Case Study 1 – Abacavir HLA-B*57:01 is linked to hypersensitivity reactions in abacavir-treated patients. Pharmacogenetic screening prior to therapy prevents nearly all severe ADRs. The FDA recommends genetic testing before prescribing abacavir, illustrating successful genomic integration into pharmacovigilance.

Case Study 2 – Carbamazepine HLA-B*15:02 is associated with Stevens-Johnson syndrome and toxic epidermal necrolysis in Asian populations. Pre-prescription genetic testing has drastically reduced the incidence of these life-threatening reactions.

Case Study 3 – Warfarin Variants in CYP2C9 and VKORC1 affect warfarin metabolism and sensitivity. Pharmacogenomic dosing algorithms minimize bleeding risk and optimize therapeutic outcomes. The CPIC guidelines support genotype-guided warfarin dosing.

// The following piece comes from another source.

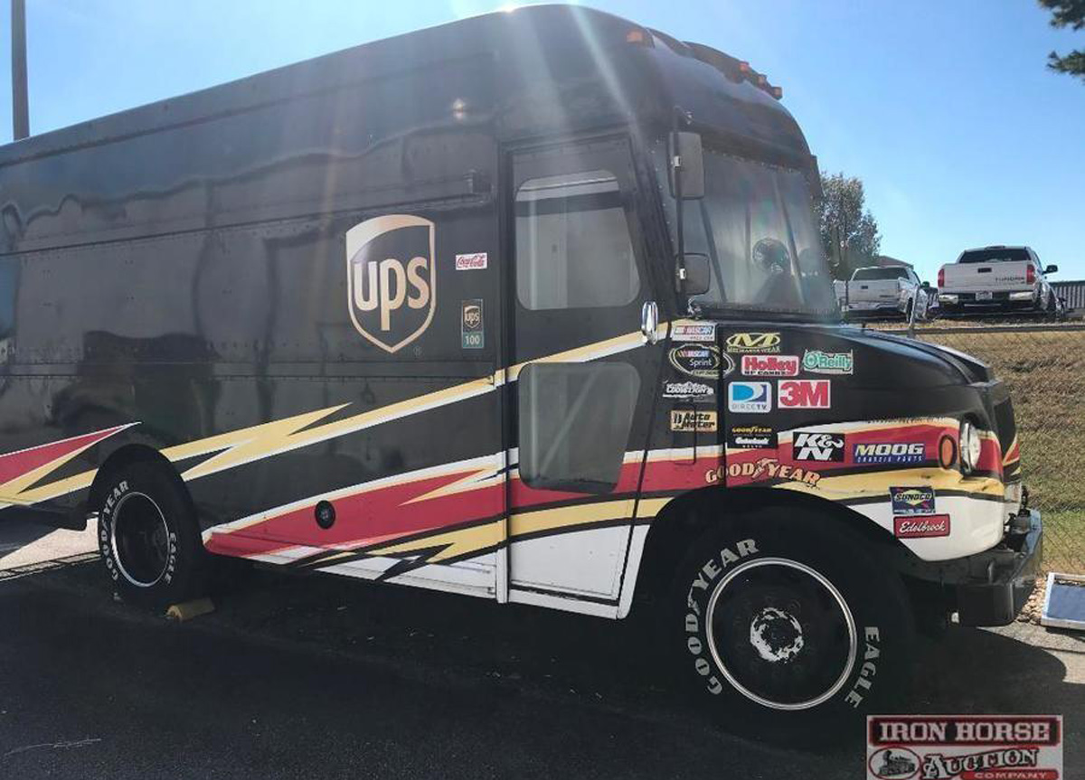 The Dale Jarrett UPS truck was built in 2006 by Mike Ryan, a stunt-vehicle builder, in less than three weeks. His team took a 23-foot-long 1990 UPS P-800 Package Car with more than 300,000 miles on the odometer, stripped it down completely, and transformed it with a fabricated roll cage, a TRD race engine, a custom transmission, racing suspension and shocks, a roll cage and racing gauges, and a racing harness, among other features that have no place in a big brown truck.

Additional Case Studies • Clopidogrel: CYP2C19 poor metabolizers experience reduced antiplatelet activity, increasing cardiovascular risk. • Irinotecan: UGT1A1*28 variant leads to severe neutropenia and diarrhea; dose reduction prevents toxicity. • Codeine: CYP2D6 ultrarapid metabolizers risk morphine toxicity.

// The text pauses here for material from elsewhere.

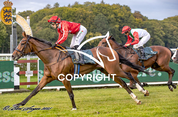 - Billede Beskrivelse: ESQUIRE HILL med Lorenzo Putzulu 9. løbs vinder på Klampenborg d. 2025-09-20. Photo: Burt Seeger.

Ethical and Regulatory Considerations Genomic pharmacovigilance must address privacy, consent, and equitable data sharing. Guidelines from ICH E15, FDA, and EMA promote ethical genomic data use. Data anonymization, secure storage, and transparent consent frameworks are essential to maintain trust and compliance.

Challenges in Implementation • Lack of standardized data-sharing platforms. • Limited accessibility to genetic testing in low-resource regions. • Integration difficulties with current pharmacovigilance databases. • Ethical and legal barriers regarding genetic data use. • Cost implications of widespread genotyping.

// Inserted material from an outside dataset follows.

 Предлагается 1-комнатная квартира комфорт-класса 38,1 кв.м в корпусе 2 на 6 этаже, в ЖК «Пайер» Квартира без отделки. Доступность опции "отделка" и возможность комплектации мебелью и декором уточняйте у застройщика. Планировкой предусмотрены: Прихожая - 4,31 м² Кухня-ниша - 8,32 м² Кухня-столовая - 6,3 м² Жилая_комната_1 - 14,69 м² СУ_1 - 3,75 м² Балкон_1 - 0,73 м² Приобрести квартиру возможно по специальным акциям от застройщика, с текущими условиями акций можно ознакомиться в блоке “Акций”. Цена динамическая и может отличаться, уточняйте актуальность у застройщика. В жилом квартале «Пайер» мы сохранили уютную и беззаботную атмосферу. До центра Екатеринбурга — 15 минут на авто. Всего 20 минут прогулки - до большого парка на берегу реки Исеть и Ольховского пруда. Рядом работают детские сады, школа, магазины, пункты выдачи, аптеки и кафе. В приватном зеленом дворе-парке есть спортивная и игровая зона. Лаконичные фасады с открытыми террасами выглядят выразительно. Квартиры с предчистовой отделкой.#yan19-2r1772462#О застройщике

Future Directions Advances in AI, multi-omics integration, and federated learning will enable predictive ADR modeling. Global collaborations and standardized genomic databases can support real-time, precision pharmacovigilance. The future paradigm emphasizes prevention, personalization, and proactive safety assessment.

Clinical Implications Pharmacogenomics-informed pharmacovigilance enhances patient safety by preventing ADRs, optimizing therapy, and improving healthcare efficiency. It reduces hospitalization rates and supports evidence-based personalized medicine practices.

Conclusion Integrating pharmacogenomics into pharmacovigilance represents a transformative shift from population-based to individualized drug safety. Despite challenges in data management and accessibility, this approach promises substantial improvement in patient outcomes and healthcare sustainability.

References 1. Roden DM, McLeod HL, Relling MV, et al. Lancet. 2019;394:521–532. 2. Caudle KE, Dunnenberger HM, Freimuth RR, et al. Clin Pharmacol Ther. 2017;102:623–626. 3. Swen JJ, de Boer A, et al. Br J Clin Pharmacol. 2011;72:1153–1164. 4. Relling MV, Evans WE. Nature. 2015;526:343–350. 5. Johnson JA, Cavallari LH. Trends Cardiovasc Med. 2015;25:33–41. 6. Phillips KA, et al. JAMA. 2001;286:2270–2279. 7. Mallal S, et al. N Engl J Med. 2008;358:568–579. 8. Ferrell PB, McLeod HL. Pharmacogenomics. 2008;9:1543–1546. 9. FDA & EMA Guidelines on Pharmacogenomic Data Submissions. 2020. 10. CPIC Guidelines for Gene-Drug Pairs. 2023.